After reviewing the entire record, we conclude that petitioners did not engage in the horse activity with the primary, predominant, or principal purpose and intent of making a profit within the meaning of section 183.
Section 6662 Penalty
Section 6662 imposes a penalty on an underpayment of tax required to be shown on a return. Section 6664©(1) provides that no penalty shall be imposed if it is shown that there was reasonable cause for the underpayment and that the taxpayer acted in good faith. The determination of whether a taxpayer acted with reasonable cause and in good faith depends upon the facts and circumstances. See sec. 1.6664-4(b)(1), Income Tax Regs. Reliance on the advice of an accountant may demonstrate reasonable cause and good faith. See id .
Respondent argues that petitioners' treatment of the horse activity's expenditures as business expenditures was negligent or an intentional disregard of rules or regulations. We conclude that petitioners reasonably and in good faith relied on their accountants to determine whether petitioners, as a legal matter, were entitled to deduct the horse activity's expenses. [FN7] Accordingly, petitioners are not liable for the accuracy-related penalties for 1994 and 1995.
FN7. Mr.

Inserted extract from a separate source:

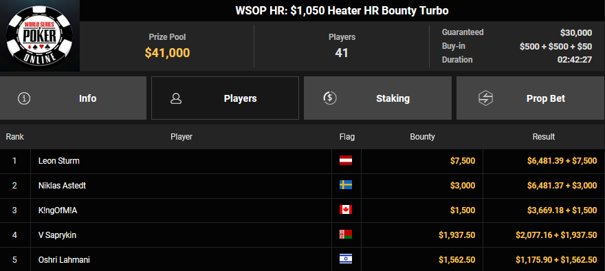 Wizzydererste setzte sich beim $150 PLO Bounty durch und kassierte $1.559 + $3.163, während sich Leon Sturm gegen Niklas Astedt behauptete und den Sieg für $6.481 + 47.900 beim $1.050 Heater einfuhr. el_barto_muc wurde beim $66 Super Six Bounty Runneer-up für $4.477 + $1.020, auch für Succeeed gab es dieses Mal nur Rang 2 beim $525 Hyper Turbo ($3.287 + $1.625).

Hurley, the accountant for the horse activity, specialized in preparing tax returns for people who operated horse activities. Petitioners gave him all the records prepared by the horse activity's bookkeeper and all the relevant facts so that Mr. Hurley could prepare the tax returns for the horse activity.
In reaching all of our holdings herein, we have considered all arguments made by the parties, and to the extent not mentioned above, we find them to be irrelevant or without merit.
To reflect the foregoing,
Decision will be entered under Rule 155.